We've referenced Fielder's AES papers from the 70s thru 90s extensively in our R/D, especially those dealing with noise perception vis signals. In fact, I was invited to meet with him a few years ago at Dolby HQ to describe our work. Dolby's VP of Advanced Technology now sits on our imersiv advisory board, and was the first person outside of the company to test and validate our design performance (2017-18).

Yes, HDR-A architecture ("multi-path") can be applied to just about any transducer or A/D or D/A function. The concept is well-known, but it's expensive and complex compared to traditional single-path topology. Salzbrenner has had a multi-path ADC in market for 30 years. Many low-end preamp/ADC interfaces are now using a two-path "clip-protection" variant. Sony recently developed a two-path video CCD pixel with a high-dynamic path and low-dynamic path, with 20dB improved visual dynamic range.

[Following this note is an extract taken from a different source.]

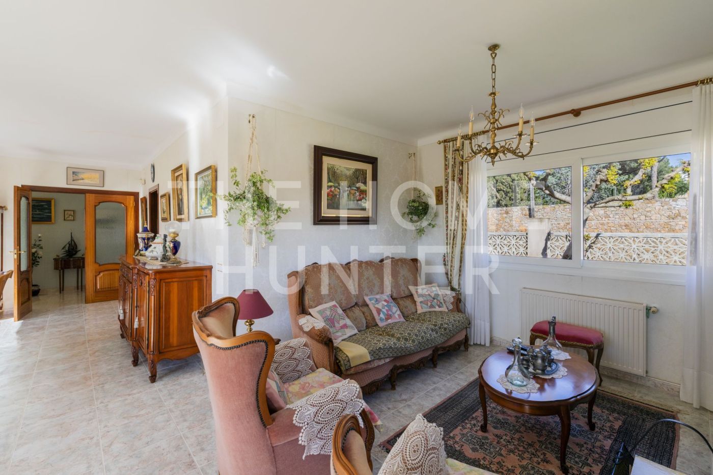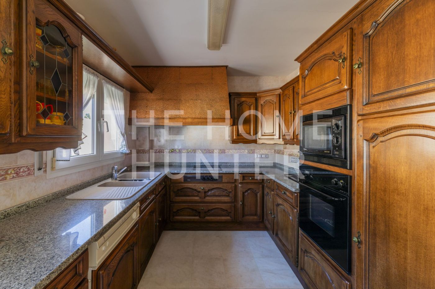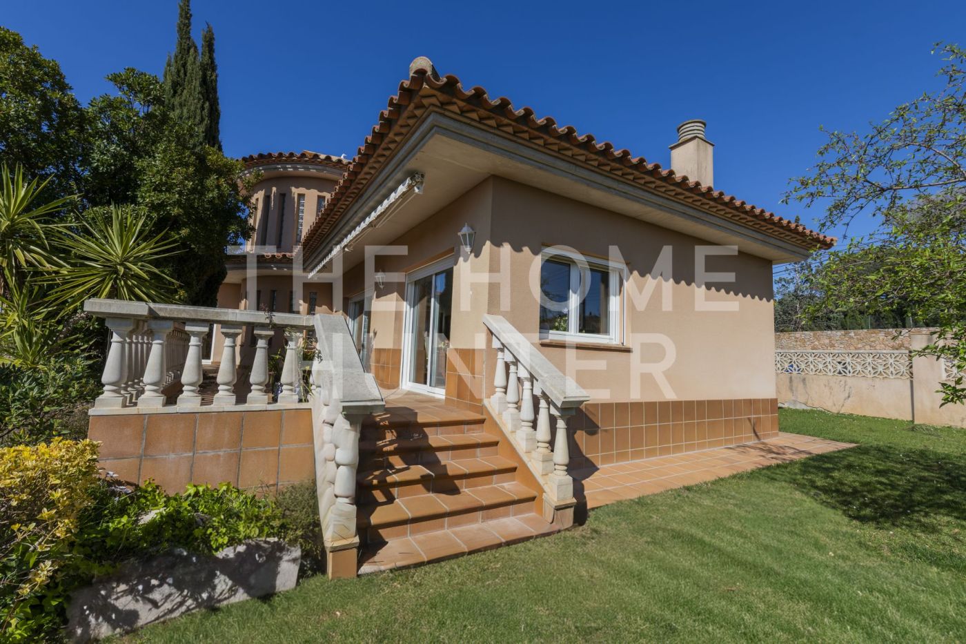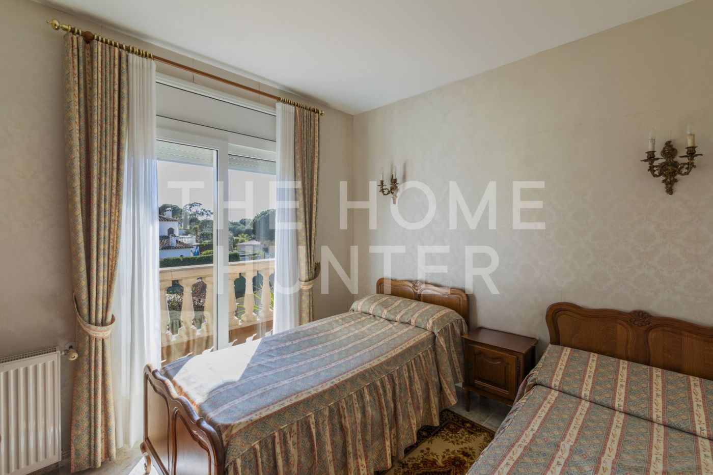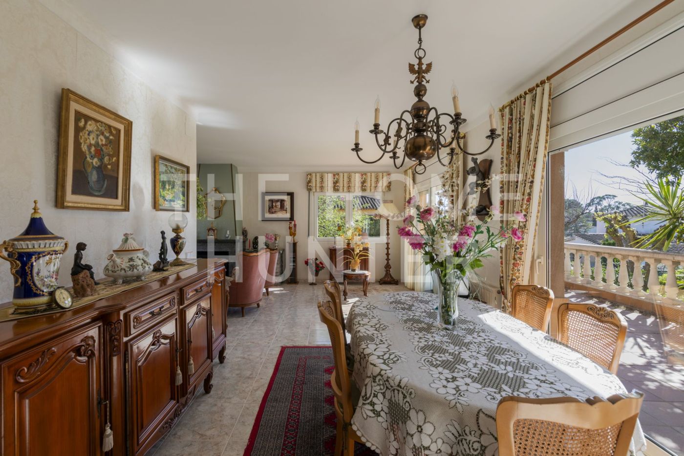 Esta casa de 312m² repercutidos se encuentra en una parcela de 949m² y tiene tres plantas. En la principal hay amplio salón-comedor con chimenea y salida a terraza de 30m², cocina office equipada, dos dormitorios dobles con vistas al jardín, un baño completo, un aseo y armarios empotrados. En la primera planta se encuentra la master suite con baño y un pequeño salón con salida a terraza con vistas. En la planta inferior hay un dormitorio con salida al jardín y una sala polivalente con un baño completo. Tiene ventanas de climalit doble, un garaje tipo box para dos coches y una zona comunitaria con piscina y pista de tenis. La finca es de 1978.

In my CTF contest pitch, I describe a range of multi-path applications (link above), including medical, seismic, gravity wave sensing, etc..

In R/D, we're now working on a fundamental two-path 170dB microphone. Conceptually very simple. But when you start digging, it gets hard. It's why the D-1 DAC took us 10+ years of R/D. This is new engineering, a lot of fun, but terribly expensive and time-consuming. Also working on multi-path power amplification, based on one of our patents. It's important to keep in mind -- this is ALL about reducing systemic THD+noise, not "making things louder".

 

[popej]

See graph, two comments up.

Don't you have any real world measurements? The kind that validate the implementation.